I had never seen Hitchcock’s original of Daphne Du Maurier’s Rebecca, nor have I read the book, but I was very much looking forward to watching Netflix’s remake of the classic; the trailer made it look so sophisticated, captivating, haunting. And yet… it was anything but.

At just over two hours in length Rebecca would have felt less drawn out if it had been cut by a half hour. The first 30-40 minutes of the film establishes the relationship between a lady’s companion (Lily James), and Maxim de Winter (Armie Hammer). This opening sets the movie to be almost like a romantic drama rather than a horror or thriller, but I assumed, like many horrors, it was luring us into a false sense of security.

The middle sequence of the film, or the main ‘plot’, shows the new Mrs. de Winter attempting to settle into her husband’s mansion home, Manderley, and finding it difficult to assert herself as lady of the house, and a wife, given that she is haunted constantly by the memory of de Winter’s first wife Rebecca, who, it is believed, drowned.

Mrs. de Winter is told she will never measure up to Rebecca, in beauty, social status, sexually, in all things Rebecca is superior; the housekeeper Mrs. Danvers (Kristen Scott Thomas) takes a cold joy in making life miserable for the ‘intruder’.

This middle section makes attempts at horror with the cinematography and dark lighting, and the threatening motif of the water, but it fails utterly, instead the spectral presence of Rebecca throughout is weak, the story is slow, the two main characters are dull and the chemistry between James and Hammer is lacking in any believability.

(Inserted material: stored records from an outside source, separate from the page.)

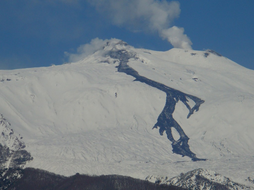 Wolken verhinderten in der vergangenen Woche häufig die Beobachtung der Gipfelkrater mittels Webcams. In den wolkenfreien Stunden zeigte sich am Nordostkrater starke pulsartige Gasemission. Am nordwestlichen Schlot der Bocca Nuova wirkten die Gasemissionen weiterhin etwas schwächer als am Nordostkrater. Am Südostkrater konzentrierten sich die Gasemissionen auf die Fumarolen im Gipfelbereich. Der Kollapskrater an seiner Ostflanke setzte weiterhin kaum Gas frei. Auch am gestrigen Abend zeigten die Webcams dort keine Auffälligkeiten bzw. thermische Anomalien. Gegen 05:00 Uhr war auf der Montagnola-Webcam sporadisch diffuse Glut im Bereich des Kollapskraters erkennbar. Dichte Wolken, die während der Nacht aufgezogen waren, verhinderten leider die direkte Beobachtung der Aktivität. Das schlechte Wetter hielt sich bis in die Mittagsstunden. Dann war über die Wärmebildkamera auf dem Montagnola heftige eruptive Aktivität erkennbar, die intensive thermische Anomalien verursachte. Gleichzeitig wurde auch die Sicht von der Ostflanke aus besser und von Milo konnte man einen frischen Lavastrom an der westlichen Wand des Valle del Bove erkennen, der sich als breite schwarze Zunge durch den weißen Schnee zog. Bald verdichteten sich die Wolken wieder und machten eine weitere Beobachtung unmöglich.
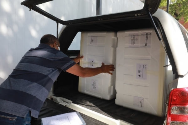 Chegaram nesta sexta-feira (30) nas cidades da Zona Sul, uma nova remessa da vacina contra Covid-19. Os imunizantes da Astrazeneca/Oxford serão destinados à primeira dose do grupo prioritário com idades entre 60 e 61 anos, além de pessoas com comorbidades e também aquelas com deficiência. Para esse grupo, a faixa etária é de 54 à 59 anos e 55 à 59 anos respectivamente. São Lourenço recebeu mais 1240 doses da vacina contra a covid-19 nesta sexta-feira (30)
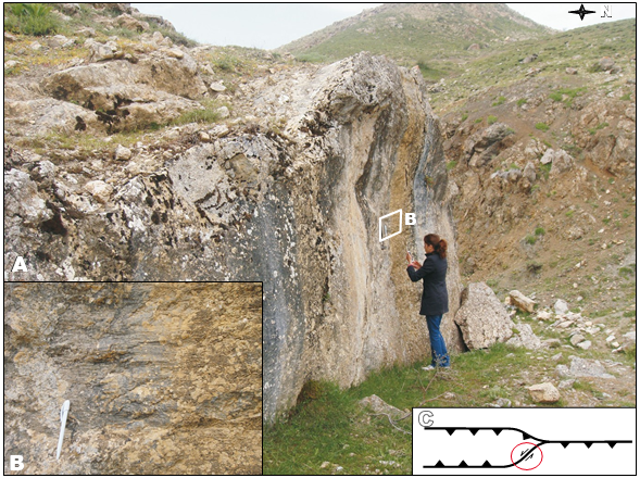 The western part of the Özyurt fault bifurcates into north and south branches to the west of Güvençli village. Southerly-dipping northern branch is 5km long which juxtaposes the Upper Cretaceous ophiolitic mélange units and Jurassic limestones (Fig. 4B-C). Northerly- dipping southern branch is 6km long which separates
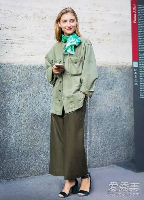 單一的草木綠軍裝風(fēng)大衣就很好看,怕過于凌亂就選擇一件單品就好。
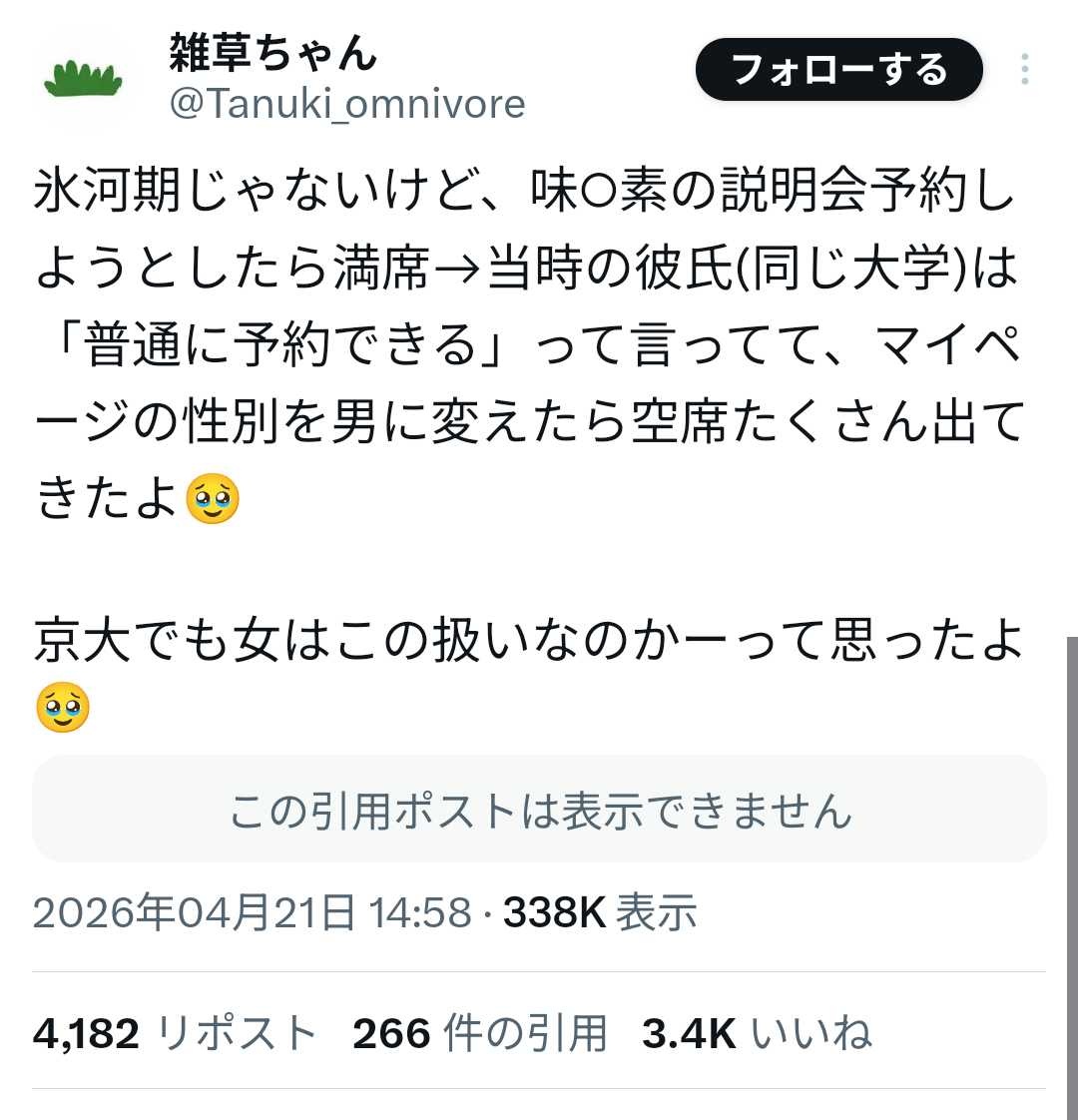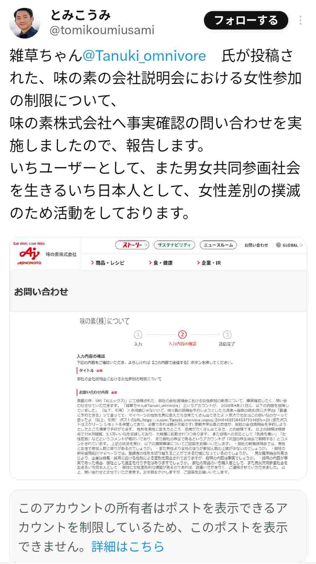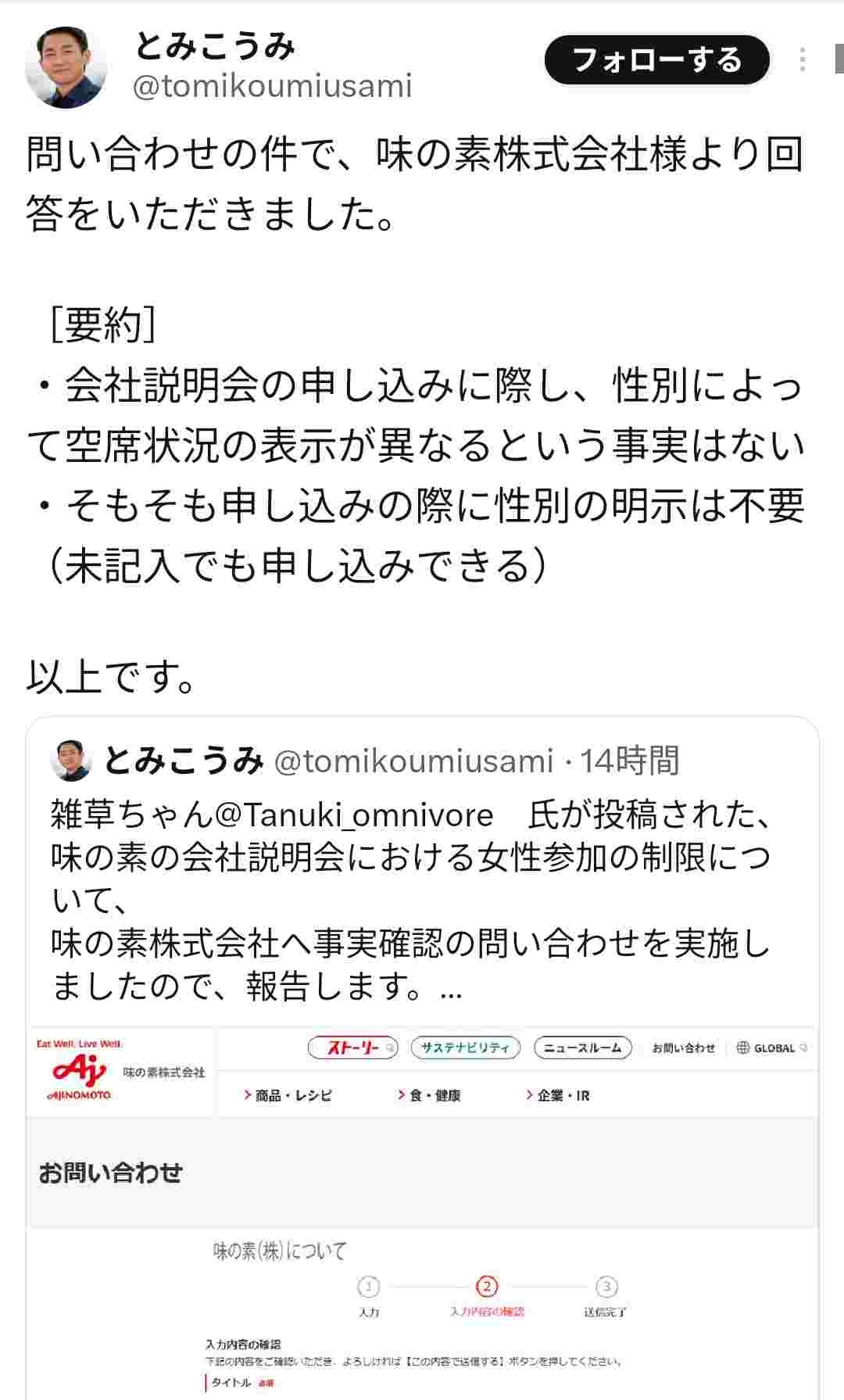 フェミニスト「味の素は女性差別企業。説明会の枠を少なく設定された」味の素「そんなことしてへんけど」

However, it is the last 30-40 minutes that is the film’s saving grace, the pace picks up with the finding of Rebecca’s body, over a year after her death, and a murder trial commences, the prime suspect… the husband of course. All of a sudden the characters come to life, their one-dimensionality is shirked for a little more roundedness, and the slow canter of the film’s story becomes more dramatic and tense. This latter part of the film, along with Kristen Scott Thomas’ portrayal of the vindictive Mrs. Danvers are the only stand out parts of Netflix’s pitiful remake. 

While the cinematography is sumptuous, and the settings are beautiful, a film is more than its aesthetics, and Rebecca was lacking in substance and intrigue for the majority; and then of course there was the ending, which did not gel seamlessly with the tone of the rest of the film. An attempt at a happy-ever-after destroyed, in just two minutes, the whole point of Rebecca, and brought it right back to the genre of romantic drama.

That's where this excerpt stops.